[Openstack-devel] Bug#687311: Bug#687311: Bug#687311: Bug#687311: Diff for keystone 2012.1.1-7, trying to fix RC bug #687311
Thomas Goirand
zigo at debian.org
Wed Sep 19 07:52:53 UTC 2012
Hi,
Thanks *A LOT* for reviewing my work, this was much needed as we are
approaching the release date for Wheezy, and that I asked for such review.
On 09/19/2012 10:35 AM, YunQiang Su wrote:
> Two questions about postinst:
>
> 1. if [ $RET = "sqlite3" ]
> then
> dbc_name="keystone.sqlite"
> db_set keystone/db/dbname $dbc_name
> fi
> If user modified /etc/keystone.conf manually to change the path of
> sqlite database file,
> while this paragraph will change it to the default.
First, this was there before my changes. So it's not me who did it, I
just didn't correct it.
Currently, if you change the path in /etc/keystone/keystone.conf (and
not /etc/keystone.conf), then it will stay. The only thing that is
forced is the filename of the db.
Anyway, I think you are right, so I removed that part.
> 2. if [ "$dbc_dbtype" = "mysql" ] || [ "$dbc_dbtype" = "pgsql" ] ; then
> [ -n "$dbc_dbport" ]&& dbport=:$dbc_dbport
> SQL_CONNECTION="$dbc_dbtype://$dbc_dbuser:$dbc_dbpass@${dbc_dbserver:-localhost}$dbport/$dbc_dbname"
> else
> SQL_CONNECTION="sqlite:///$dbc_basepath/$dbc_dbname"
> fi
>
> The problem similar with above one, if user changed the line
> "connection=" to mssql or oracle or db2 etc,
> this will override the users config.
Keystone only supports sqlite3, mysql or pgsql. Unless I'm mistaking,
these are the only valid values.

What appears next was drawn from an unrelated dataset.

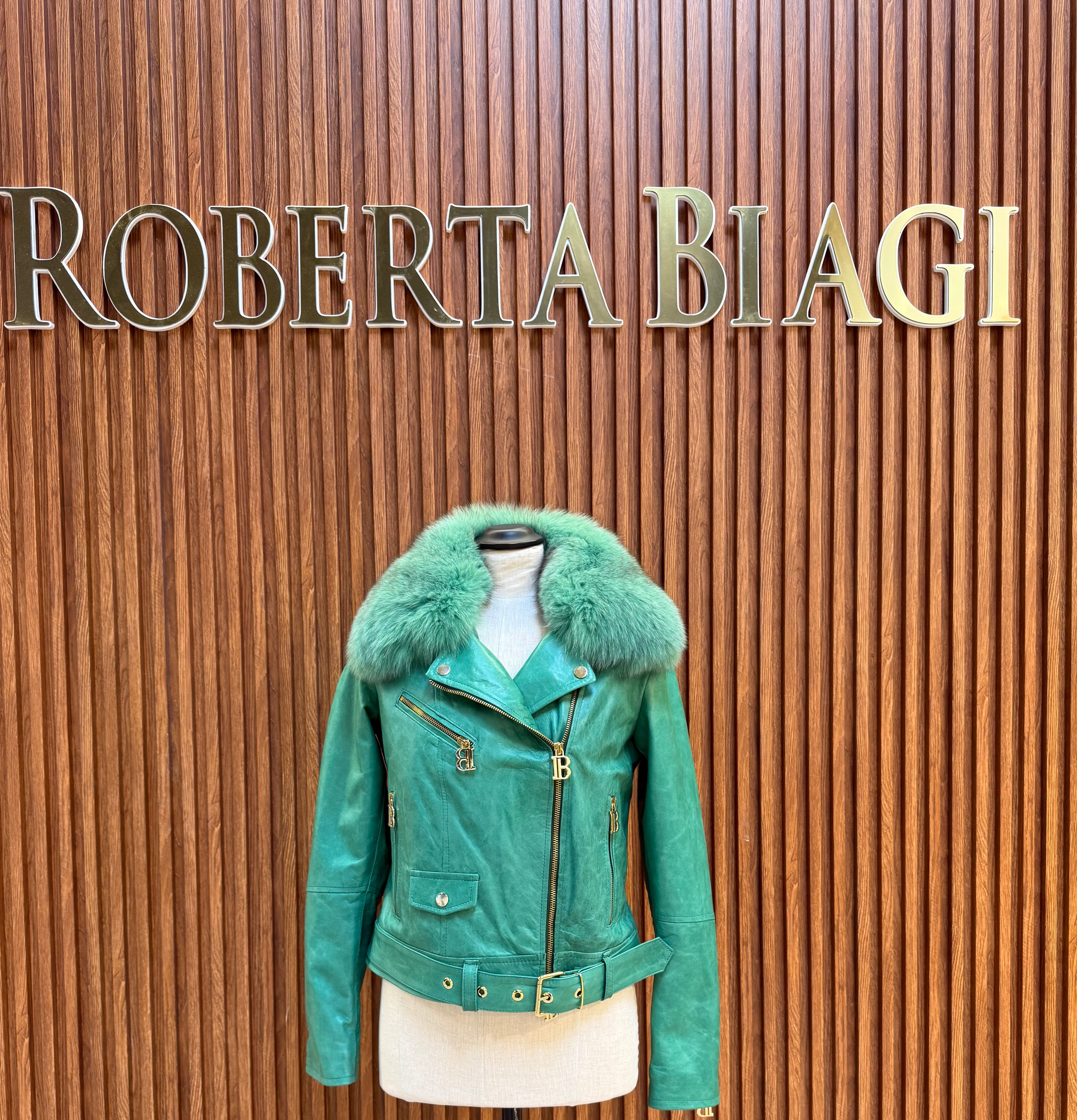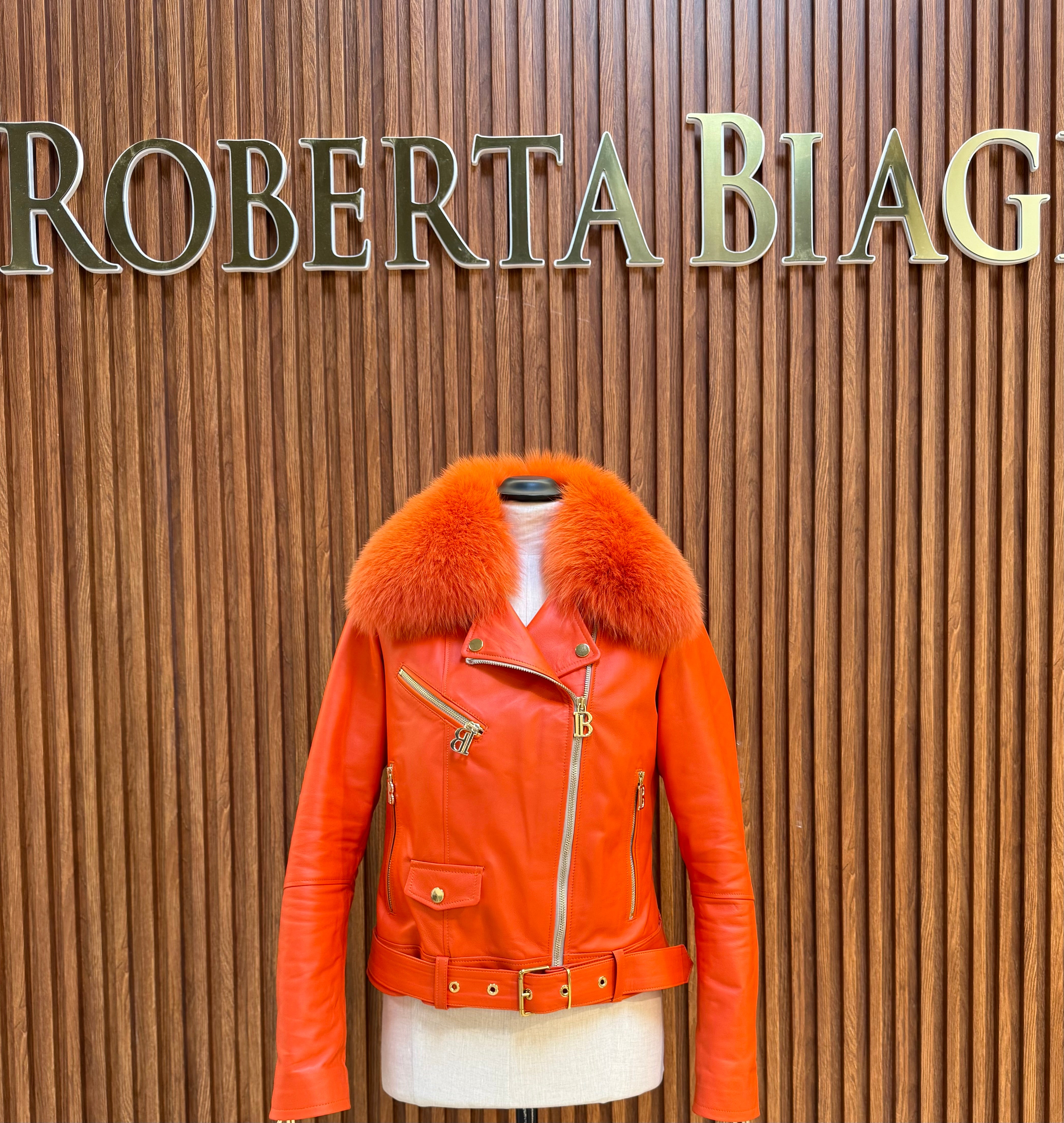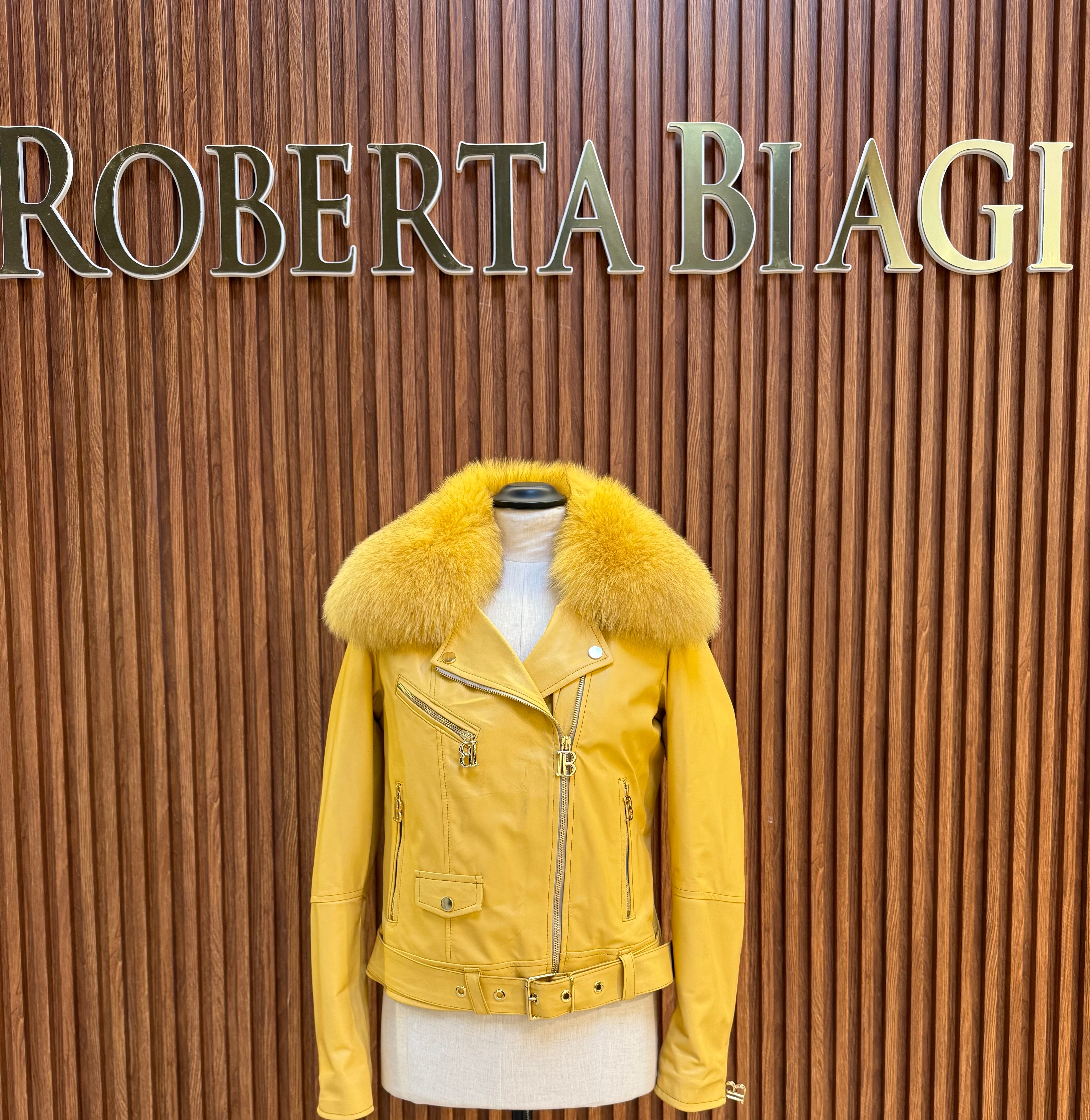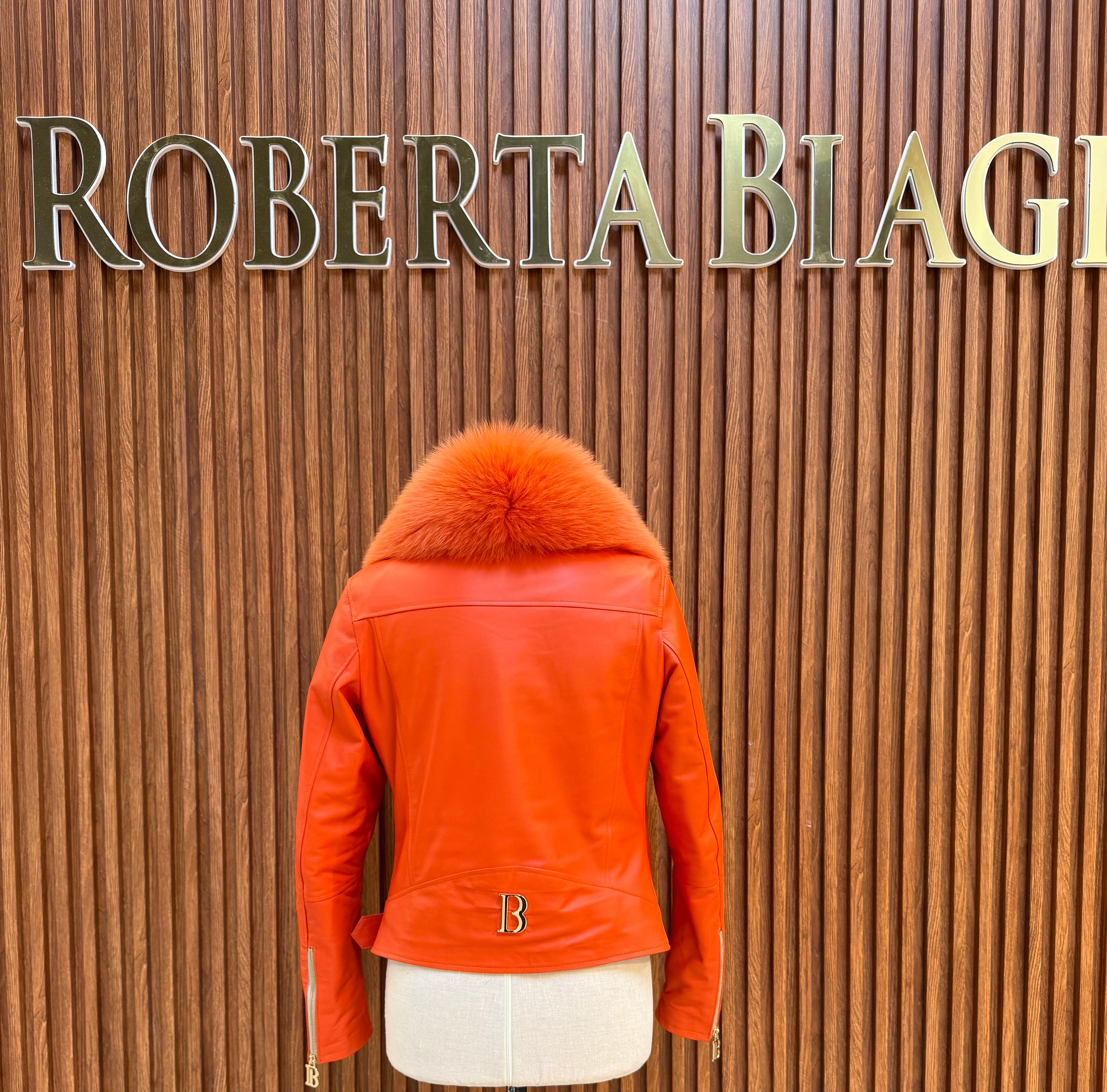 Giubbino in vera pelle con fodera in cachemire e collo in vera volpe pelliccia

So I believe the above is ok.
> Maybe, now dbc or something else cannot support msssql, oracle or
> db2 etc, but this is still a bad idea to
> override the users config.
The idea is to overwrite anything that is a wrong configuration. The
most easy way is to do it using sqlite. I don't think there's any wrong
doing here (correct me if you still think there is).
On 09/19/2012 10:44 AM, YunQiang Su wrote:
> Maybe what we should do is to:
>
> Init /etc/keystone/keystone.conf from example, and debconf only when
> the first time,
> etc if /etc/keystone/keystone.conf doesn't exist.
>
> Do nothing if /etc/keystone/keystone.conf is there.
>
> If user want to reinit the configuration with debconf, then ask them
to delete
> /etc/keystone/keystone.conf first, and reinstall this package, or,
> give him/her an option in debconf.
We can't do that. This isn't what the policy say about debconf handling.
It has to read what the user wrote, and deal with it. I think anyway
that deleting the keystone.conf just because you want to reconfigure the
db thing is a radical move, and not convenient (you may well have
changed other things in this configuration file which you want to keep).